[DATA — start]

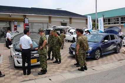 自衛隊駐屯地でミニモーターショー開催―。大阪府内の国産ディーラー8社と正規輸入車ディーラー3社は28日、大阪府和泉市の陸上自衛隊信太山駐屯地厚生センター前で合同展示会を開いた。個社や同一メーカー系列販社による職域展示会は珍しくないが、10...
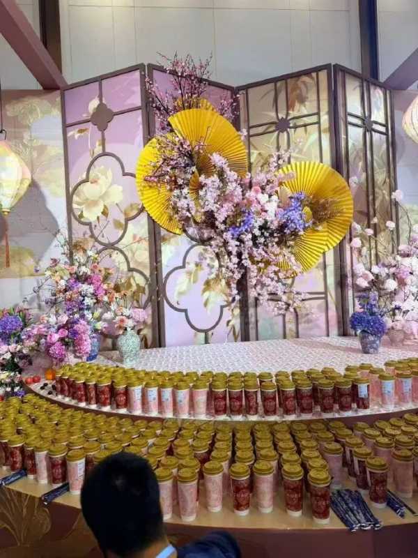 婚礼现场部分视频及图片流出,给宾客准备的饮品是大量霸王茶姬奶茶。
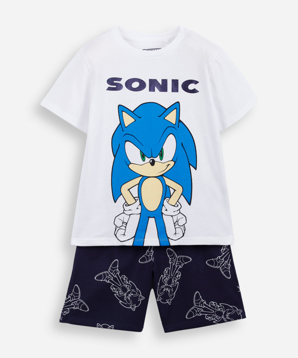 pijama curto infantil de algodão sonic off white
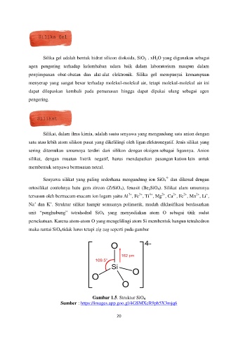 Silika gel adalah bentuk hidrat silicon dioksida, SiO 2 . xH 2O yang digunakan sebagai
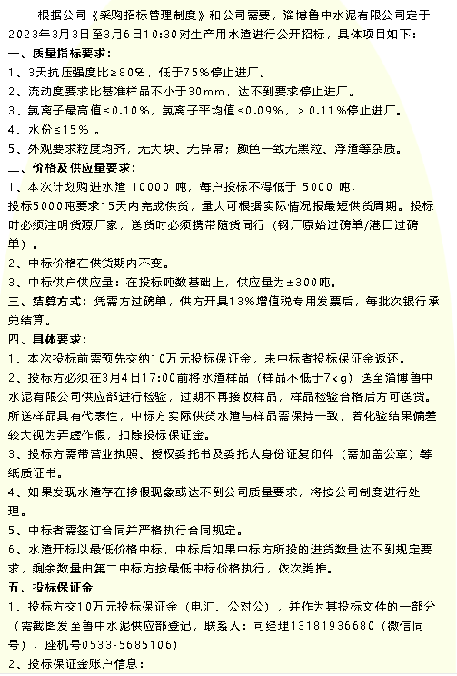 【招標公告】魯中水泥
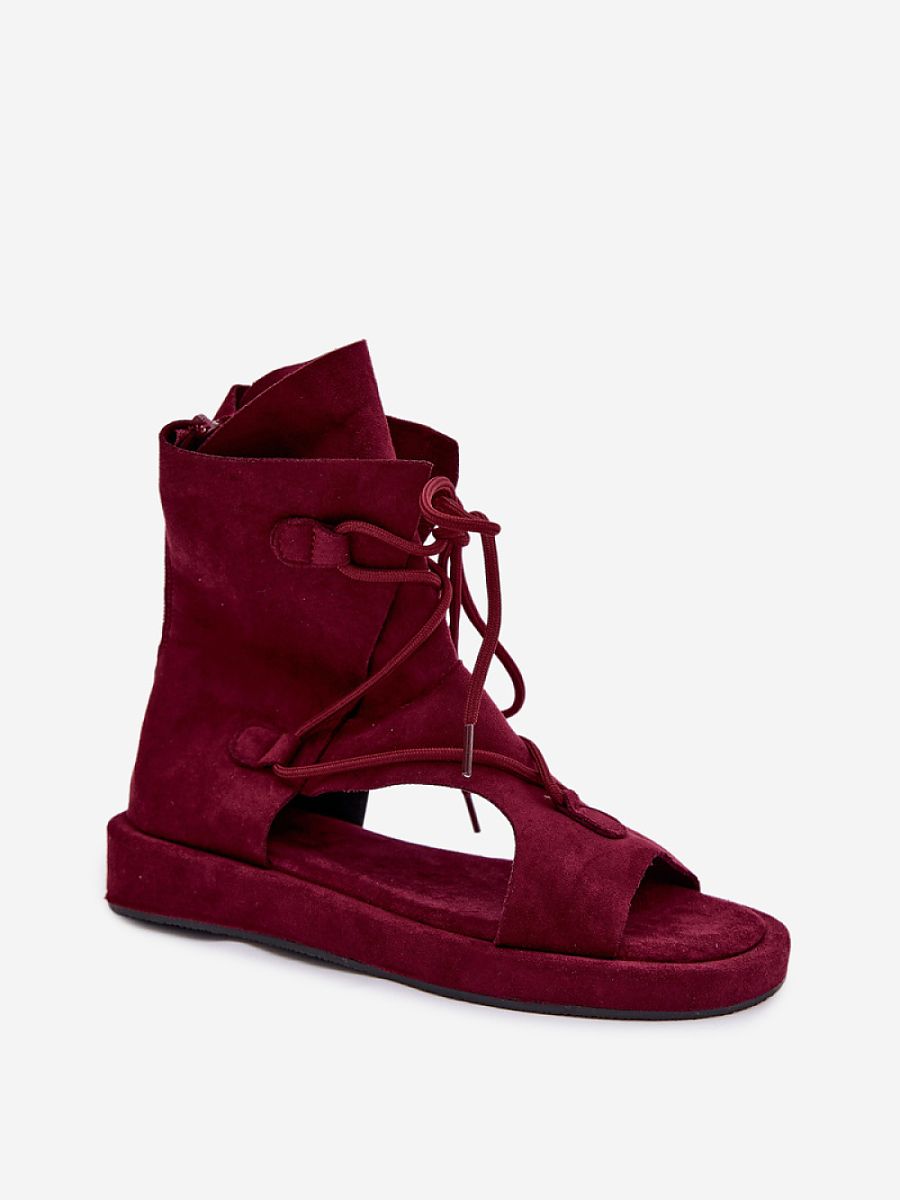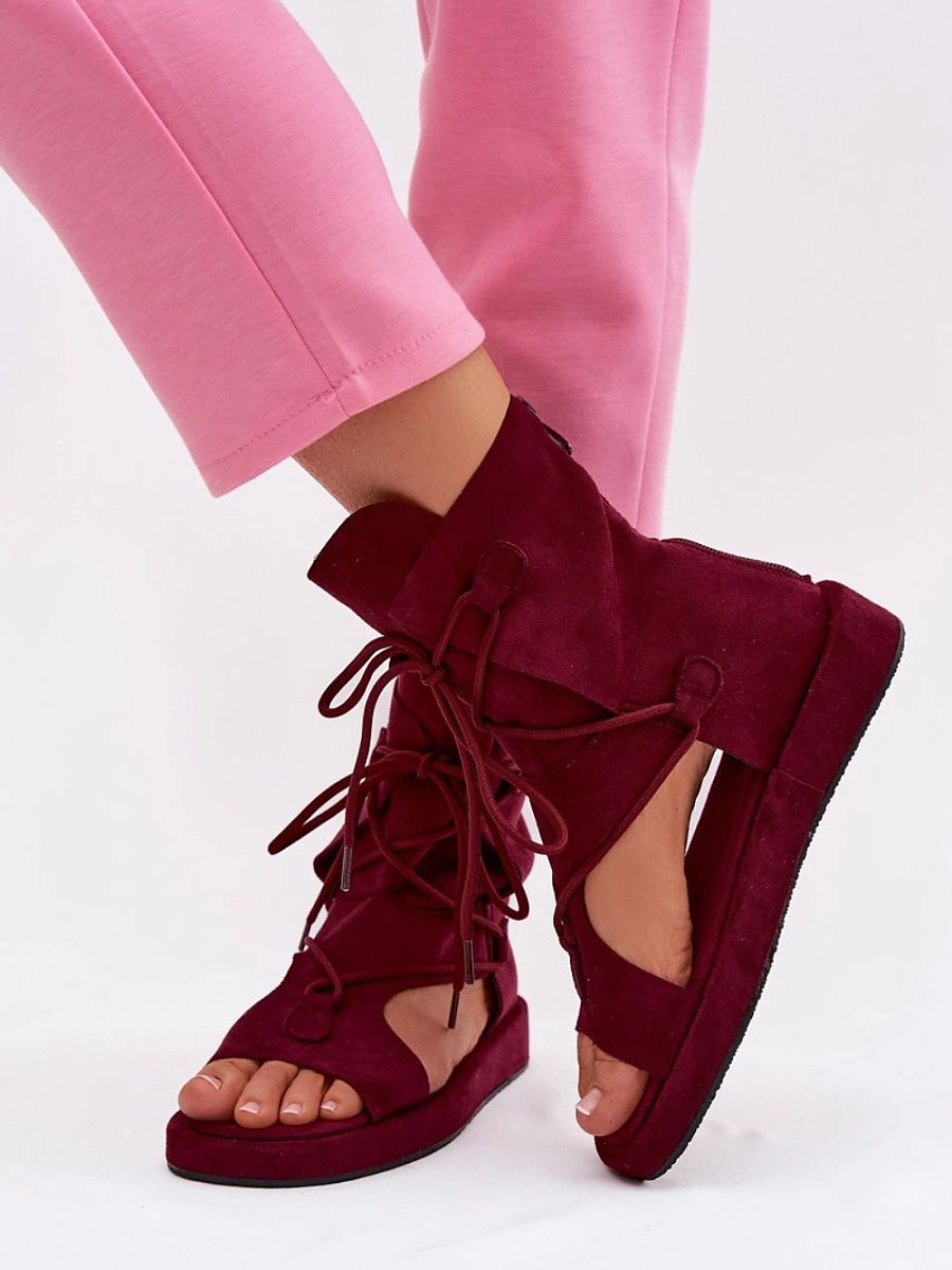 Stylish women’s sandals made of eco-suede are a perfect choice for summer days. The model with a high upper ensures a good fit and a stylish look, while the lacing at the front adds a stylish touch to the whole. The zipper closure at the back makes it easy to put on and take off the shoes quickly. These sandals go perfectly with summer dresses and boho style skirts, creating light and fashionable stylizations.

[DATA — finish]

__TASK BRIEF__. Could you retype all the entries above exactly, without the pictures?

__RESULT OF THE EXERCISE__.
 自衛隊駐屯地でミニモーターショー開催―。大阪府内の国産ディーラー8社と正規輸入車ディーラー3社は28日、大阪府和泉市の陸上自衛隊信太山駐屯地厚生センター前で合同展示会を開いた。個社や同一メーカー系列販社による職域展示会は珍しくないが、10...
 婚礼现场部分视频及图片流出,给宾客准备的饮品是大量霸王茶姬奶茶。
 pijama curto infantil de algodão sonic off white
 Silika gel adalah bentuk hidrat silicon dioksida, SiO 2 . xH 2O yang digunakan sebagai
 【招標公告】魯中水泥
 Stylish women’s sandals made of eco-suede are a perfect choice for summer days. The model with a high upper ensures a good fit and a stylish look, while the lacing at the front adds a stylish touch to the whole. The zipper closure at the back makes it easy to put on and take off the shoes quickly. These sandals go perfectly with summer dresses and boho style skirts, creating light and fashionable stylizations.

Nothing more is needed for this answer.